SUPPLIED RECORDS:
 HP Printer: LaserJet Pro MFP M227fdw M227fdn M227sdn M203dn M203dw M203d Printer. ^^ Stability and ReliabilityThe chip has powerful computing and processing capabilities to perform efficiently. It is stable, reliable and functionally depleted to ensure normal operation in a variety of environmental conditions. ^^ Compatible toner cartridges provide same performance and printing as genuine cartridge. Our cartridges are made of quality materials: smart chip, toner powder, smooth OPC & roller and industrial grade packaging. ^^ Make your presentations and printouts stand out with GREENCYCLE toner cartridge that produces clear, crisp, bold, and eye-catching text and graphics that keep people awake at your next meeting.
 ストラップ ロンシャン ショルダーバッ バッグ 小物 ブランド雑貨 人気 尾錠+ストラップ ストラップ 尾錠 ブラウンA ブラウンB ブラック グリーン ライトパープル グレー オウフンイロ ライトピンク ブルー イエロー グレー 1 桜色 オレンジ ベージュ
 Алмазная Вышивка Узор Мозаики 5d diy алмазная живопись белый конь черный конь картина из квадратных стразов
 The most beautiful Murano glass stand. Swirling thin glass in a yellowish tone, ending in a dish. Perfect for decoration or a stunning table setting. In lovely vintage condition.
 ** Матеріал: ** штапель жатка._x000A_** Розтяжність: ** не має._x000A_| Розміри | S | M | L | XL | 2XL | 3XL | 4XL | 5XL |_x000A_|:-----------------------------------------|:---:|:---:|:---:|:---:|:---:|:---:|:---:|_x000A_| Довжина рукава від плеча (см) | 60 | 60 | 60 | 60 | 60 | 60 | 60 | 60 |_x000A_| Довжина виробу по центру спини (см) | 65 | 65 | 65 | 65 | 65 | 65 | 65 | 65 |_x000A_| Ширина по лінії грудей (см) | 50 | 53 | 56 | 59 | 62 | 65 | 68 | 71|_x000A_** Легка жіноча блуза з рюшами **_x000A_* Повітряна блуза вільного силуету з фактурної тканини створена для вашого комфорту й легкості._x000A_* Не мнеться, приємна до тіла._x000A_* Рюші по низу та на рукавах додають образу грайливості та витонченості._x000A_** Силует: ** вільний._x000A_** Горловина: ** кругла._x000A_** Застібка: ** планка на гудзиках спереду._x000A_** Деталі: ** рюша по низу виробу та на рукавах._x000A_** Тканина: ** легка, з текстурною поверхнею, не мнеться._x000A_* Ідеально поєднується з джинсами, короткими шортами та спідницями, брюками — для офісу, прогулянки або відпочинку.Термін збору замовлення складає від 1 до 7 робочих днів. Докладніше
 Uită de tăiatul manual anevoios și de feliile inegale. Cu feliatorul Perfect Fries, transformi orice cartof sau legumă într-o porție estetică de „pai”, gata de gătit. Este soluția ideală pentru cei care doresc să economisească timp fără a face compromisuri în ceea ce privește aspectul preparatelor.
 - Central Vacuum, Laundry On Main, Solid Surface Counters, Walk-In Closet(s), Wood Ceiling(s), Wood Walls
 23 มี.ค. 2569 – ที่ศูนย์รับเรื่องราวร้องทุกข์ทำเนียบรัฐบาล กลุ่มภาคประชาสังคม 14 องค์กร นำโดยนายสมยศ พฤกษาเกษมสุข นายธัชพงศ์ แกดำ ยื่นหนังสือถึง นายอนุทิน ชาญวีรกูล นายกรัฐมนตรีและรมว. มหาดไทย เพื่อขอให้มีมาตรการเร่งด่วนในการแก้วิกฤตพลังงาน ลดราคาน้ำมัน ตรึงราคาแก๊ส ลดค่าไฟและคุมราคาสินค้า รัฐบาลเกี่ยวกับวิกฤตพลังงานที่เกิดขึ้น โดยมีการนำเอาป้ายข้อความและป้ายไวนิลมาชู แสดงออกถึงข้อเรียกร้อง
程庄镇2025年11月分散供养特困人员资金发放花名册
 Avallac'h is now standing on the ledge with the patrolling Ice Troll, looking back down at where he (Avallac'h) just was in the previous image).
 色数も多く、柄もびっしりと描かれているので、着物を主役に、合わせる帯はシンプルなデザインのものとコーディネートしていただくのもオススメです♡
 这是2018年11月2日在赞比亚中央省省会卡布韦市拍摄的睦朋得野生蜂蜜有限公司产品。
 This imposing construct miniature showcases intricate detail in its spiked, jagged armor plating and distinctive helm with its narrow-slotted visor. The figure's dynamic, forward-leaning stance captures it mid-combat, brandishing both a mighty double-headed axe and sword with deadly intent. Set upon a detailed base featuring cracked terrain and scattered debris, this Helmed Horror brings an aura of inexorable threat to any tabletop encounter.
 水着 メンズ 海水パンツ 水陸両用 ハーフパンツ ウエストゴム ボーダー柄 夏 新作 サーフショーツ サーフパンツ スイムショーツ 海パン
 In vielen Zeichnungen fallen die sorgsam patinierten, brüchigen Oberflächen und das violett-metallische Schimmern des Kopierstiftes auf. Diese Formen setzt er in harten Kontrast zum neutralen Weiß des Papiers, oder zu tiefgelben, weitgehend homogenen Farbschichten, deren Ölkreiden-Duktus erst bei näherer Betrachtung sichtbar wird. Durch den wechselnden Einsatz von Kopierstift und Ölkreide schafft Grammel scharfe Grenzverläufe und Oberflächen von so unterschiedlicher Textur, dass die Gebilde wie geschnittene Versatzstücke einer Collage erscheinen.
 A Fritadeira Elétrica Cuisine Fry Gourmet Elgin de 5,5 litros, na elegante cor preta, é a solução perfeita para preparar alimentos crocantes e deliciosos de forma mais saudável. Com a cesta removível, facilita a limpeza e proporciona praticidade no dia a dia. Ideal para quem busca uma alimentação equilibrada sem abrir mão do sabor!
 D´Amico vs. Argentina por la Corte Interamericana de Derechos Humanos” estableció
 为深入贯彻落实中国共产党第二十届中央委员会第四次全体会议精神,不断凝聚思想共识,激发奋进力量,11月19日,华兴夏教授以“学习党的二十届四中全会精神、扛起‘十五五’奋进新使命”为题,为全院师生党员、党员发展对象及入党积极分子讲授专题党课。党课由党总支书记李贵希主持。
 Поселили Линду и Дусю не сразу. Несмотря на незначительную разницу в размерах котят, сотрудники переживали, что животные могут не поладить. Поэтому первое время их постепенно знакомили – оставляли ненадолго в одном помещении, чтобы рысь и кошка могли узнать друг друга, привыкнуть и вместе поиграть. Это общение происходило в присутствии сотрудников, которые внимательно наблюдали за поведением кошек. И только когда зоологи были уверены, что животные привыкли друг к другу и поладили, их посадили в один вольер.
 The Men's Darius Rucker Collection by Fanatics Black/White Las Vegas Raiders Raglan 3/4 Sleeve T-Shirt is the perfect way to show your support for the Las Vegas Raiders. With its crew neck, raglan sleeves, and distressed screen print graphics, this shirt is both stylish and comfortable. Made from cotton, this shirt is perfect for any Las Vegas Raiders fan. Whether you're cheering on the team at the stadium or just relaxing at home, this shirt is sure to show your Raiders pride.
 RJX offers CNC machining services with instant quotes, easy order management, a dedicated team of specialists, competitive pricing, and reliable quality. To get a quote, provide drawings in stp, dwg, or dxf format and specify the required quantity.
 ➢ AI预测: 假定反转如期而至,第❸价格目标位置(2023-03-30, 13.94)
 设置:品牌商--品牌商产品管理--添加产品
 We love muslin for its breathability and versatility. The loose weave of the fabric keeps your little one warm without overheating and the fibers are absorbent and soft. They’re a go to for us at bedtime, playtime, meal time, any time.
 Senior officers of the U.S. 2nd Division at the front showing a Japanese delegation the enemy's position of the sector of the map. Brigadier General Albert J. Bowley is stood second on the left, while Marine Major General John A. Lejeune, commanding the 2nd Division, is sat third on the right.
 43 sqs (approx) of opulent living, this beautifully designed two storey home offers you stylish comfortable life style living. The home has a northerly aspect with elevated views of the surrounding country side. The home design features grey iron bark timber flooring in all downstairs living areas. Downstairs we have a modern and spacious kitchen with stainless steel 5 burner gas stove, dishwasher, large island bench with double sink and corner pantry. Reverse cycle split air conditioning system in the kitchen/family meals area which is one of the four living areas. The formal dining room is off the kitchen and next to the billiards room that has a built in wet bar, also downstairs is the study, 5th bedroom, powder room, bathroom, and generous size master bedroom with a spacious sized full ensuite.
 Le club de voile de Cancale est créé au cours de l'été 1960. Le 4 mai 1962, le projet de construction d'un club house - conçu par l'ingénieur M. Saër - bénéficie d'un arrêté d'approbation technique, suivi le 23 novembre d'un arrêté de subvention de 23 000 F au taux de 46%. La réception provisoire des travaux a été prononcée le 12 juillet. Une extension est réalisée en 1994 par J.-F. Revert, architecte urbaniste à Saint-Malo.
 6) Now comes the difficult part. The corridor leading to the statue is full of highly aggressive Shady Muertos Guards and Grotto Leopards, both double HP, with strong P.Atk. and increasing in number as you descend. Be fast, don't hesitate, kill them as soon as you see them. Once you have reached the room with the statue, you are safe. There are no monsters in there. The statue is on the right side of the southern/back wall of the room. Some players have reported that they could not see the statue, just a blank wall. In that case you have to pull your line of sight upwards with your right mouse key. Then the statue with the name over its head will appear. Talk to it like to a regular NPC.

PROBLEM TO SOLVE:
Filtering the entries above by the word "team", copy each line that matches.

RESPONSE TO THE EXERCISE:
 The Men's Darius Rucker Collection by Fanatics Black/White Las Vegas Raiders Raglan 3/4 Sleeve T-Shirt is the perfect way to show your support for the Las Vegas Raiders. With its crew neck, raglan sleeves, and distressed screen print graphics, this shirt is both stylish and comfortable. Made from cotton, this shirt is perfect for any Las Vegas Raiders fan. Whether you're cheering on the team at the stadium or just relaxing at home, this shirt is sure to show your Raiders pride.
 RJX offers CNC machining services with instant quotes, easy order management, a dedicated team of specialists, competitive pricing, and reliable quality. To get a quote, provide drawings in stp, dwg, or dxf format and specify the required quantity.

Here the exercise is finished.